Diabetes is a chronic disease, which occurs when the pancreas does not produce enough insulin, or when the body cannot effectively use the insulin it produces. This leads to an increased concentration of glucose in the blood; this condition is known as hyperglycaemia. Diabetes are of 3 types: Type- 1 diabetes, Type- 2 diabetes and gestational diabetes (Defronzo, 1997). According to World Health Organisation, about 346 million people worldwide have been affected with diabetes. Type 2 diabetes is afflicting the third world countries, which are fast becoming the epicentre of this silent killer, mainly due to the rampant urbanization, poor nutrition and sedentary life styles (Buchwald et al., 2009, G. Diabetes Prevention Program Research, 2002). Keeping in view the rapid growth of diabetes and also its critical impact worldwide, it is of major importance to devise global models that can identify novel proteins related to this disease.

Identification of protein-protein interactions (PPIs) is considered as a key strategy for understanding the various mechanisms of any disease (Kann, 2007). Diabetes is a multi-factorial disease wherein a host of crucial interactions are still largely unknown (Virkamaki et al., 1999). Protein interactions are known to correlate with the protein’s functional properties and protein interaction networks are frequently utilized to discover the potential biological role of proteins with an unknown function. Both experimental and computational techniques have been used to identify protein-protein interactions (PPIs) in many organisms (Bader and Hogue, 2003). Experimental studies to identify protein-protein interactions (PPIs) have been carried out using techniques such as yeast two-hybrid screens and co-affinity purification followed by mass spectrometry (Phizicky and Fields, 1995). These methods, may be prone to error and may not be specific to proteins in all organisms. Moreover, there is a possibility of a number of false positives in the high throughput data from protein assays (Botstein et al., 2000). Thus use of computational methods for predicting proteins in PPI has been intensified. The identification of proteins responsible for human diseases is one of the most challenging tasks in the drug design. Some computational methods for example sequence based, high-throughput database and a combination of both have been used to predict protein-protein interactions (Karlin and Belshaw, 2012). Machine learning methods including Bayesian classifiers, probabilistic decision trees, logistic regression, support vector machines have been employed for predicting the PPIs by using a number of properties of proteins to classify the data (Pizzuti and Rombo, 2016, Oliva and Fernandez-Fuentes, 2016). However, generally the PPI networks are constructed on the basis of sequence data alone.

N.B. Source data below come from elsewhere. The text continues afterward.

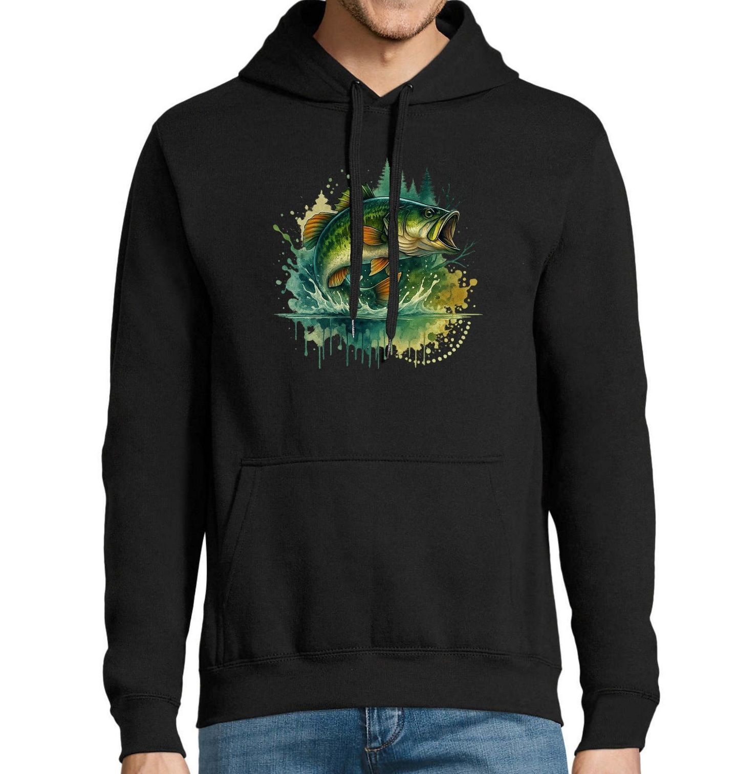 Pánská mikina Skákající Okoun. Dravý okoun velký (Micropterus salmoides), zachycen v dynamickém výskoku nad hladinu. Barevně sytá ilustrace kombinuje ztvárnění ryby s uměleckým stříkancem vody a lesním pozadím, což dává triku energický a přírodní vzhled. Skvělý kousek pro rybáře a milovníky rybaření.
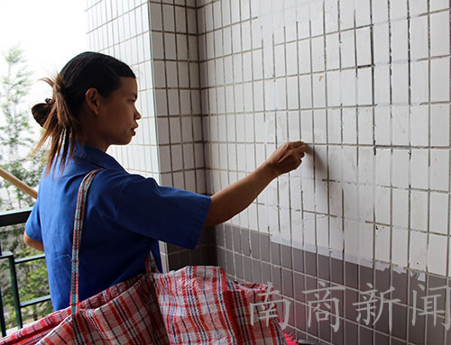阿姨在清扫完教学楼E栋二楼的空教室后,转上三楼。在楼梯间,阿姨看到之前的海报被撕后留下的纸屑痕迹,细心地把小纸屑一点一点撕下。
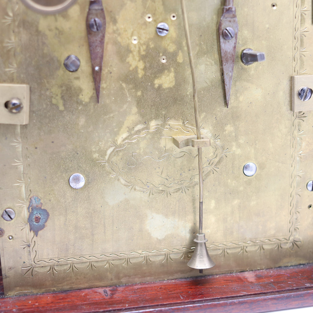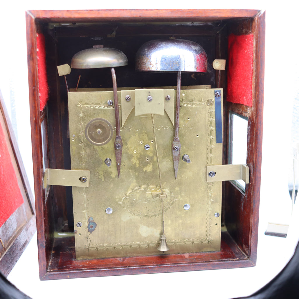 The rectangular case with molded edges, with 4.5 inches enameled dial with Roman hours and Arabic quarters framing a minute train-track, set within a cast gilt brass mask depicting Eastern figures and flowers, protected by a lift-up framed glass front inlaid with white mother of pearl. The twin chain fusee movement with substantial plates united by turned pillars with twin chain fusees to a verge escapement and rack strike on a bell, the backplate with engraved 'signature' within an oval.
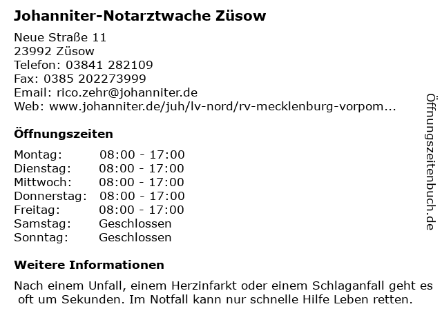 Öffnungszeiten Johanniter-Notarztwache Züsow in Züsow anzeigen | |
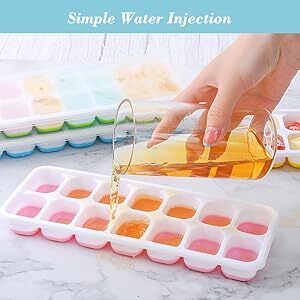 Bac À Glaçons En Silicone-Bacs À Glaçons Pour Congélateur Avec Ensemble de 4 avec 4 Couvercles: Cet ensemble de 4 moules à glaçons permet de produire un total de 56 glaçons à la fois. Les couvercles garantissent que les glaçons restent propres et ne prennent pas les odeurs du congélateur Bac Glaçons Qualité Alimentaire Certifié LFGB Sécurité Lot De 4 Bacs à Glaçons En Silicone Avec Couverclee,Glacons Moule Moule Glaçons Flexible Facile Démoulage Bleu Orange 🍹【Dimensions idéales】 Chaque bac à glaçons mesure 9,5*23 cm avec 12 compartiments, offrant une taille parfaite pour fabriquer des glaçons de bonne taille. Vous pouvez les utiliser en toute confiance pour des glaçons sains et sans odeur. Lot de 4 (2 bleus, 2 verts), chaque moule fait 14 glaçons (27ml chacun), donc 56 au total. Avec couvercle pour éviter les odeurs. En silicone alimentaire sans... 💧【Matériau de qualité alimentaire】 Fabriqués en silicone de qualité alimentaire, ces bacs à glaçons sont non seulement résistants et flexibles, mais aussi sûrs pour une utilisation alimentaire. 🌟【Facilité d’utilisation】 Grâce à leur silicone flexible, ces bacs à glaçons permettent de retirer facilement les glaçons sans les casser. Offrez-les à vos proches pour ajouter une touche de fun et de praticité à leur cuisine et à leurs moments de détente ! Leur conception ingénieuse vous garantit une utilisation simple et rapide, idéale pour les soirées et les repas.

It is known that physically interacting proteins tend to be involved in the same cellular process, and mutations in their genes may lead to similar disease phenotypes (Estavez et al., 2009). Proteins must interact physically, at least briefly, to form temporary associations to express their biological functions in the cell (Ideker and Sharan, 2008). In the current work, we hypothesize that the probability of physical interaction between two proteins depends upon the 3D structural features derived from the 3D structure of a macromolecule. Based on this knowledge gained by studying 3D structures of 15,000 protein complexes deposited in the Brookhaven Protein Databank, we have generated 1296 binary fingerprint based descriptors encoding the geometric and structural attributes of a protein. We computed binary fingerprints for the proteins related to the type 2 diabetes disease. It is envisaged that the methodology employed here can be used efficiently to distinguish between disease related and non-disease related query proteins.

One of the main challenges in using the SVM for the prediction of PPIs from the protein sequences is finding a suitable transformation of the protein sequence information present in a fixed number of inputs to be used in SVM training. Many studies in the past have exploited the physiochemical properties of proteins to predict protein-protein interactions (Mei and Zhu, 2016). However, often unequal length inputs are considered in these studies because of the varying lengths of the protein sequences. Thus a method is proposed that converts a protein sequence into fixed-dimensional representative attributes, wherein each feature represents the relationship of amino acid to the protein sequence of interest. The approach is schematically illustrated in Fig. 1.

Section snippets

Materials and methods

An in-house developed Java based program was used to generate the binary fingerprints of bit length 1296 for a given protein structure. JProLine, a program developed in our research group was employed for constructing multiple sequence alignment and heatmap generation (Kumar et al., 2016). Another internally developed tool, MegaMiner portal was employed for the rapid intelligent text mining of biomedical records (Karthikeyan et al., 2015).

Comparison between the performances of different parameter sets to optimize the training set

The training set consisting of 2653 proteins had to be constructed using parameters value that yielded the best accuracy. In this step, optimization of the training set using two parameters i.e. C and kernel type is performed. Table below gives the performance value of different parameter sets.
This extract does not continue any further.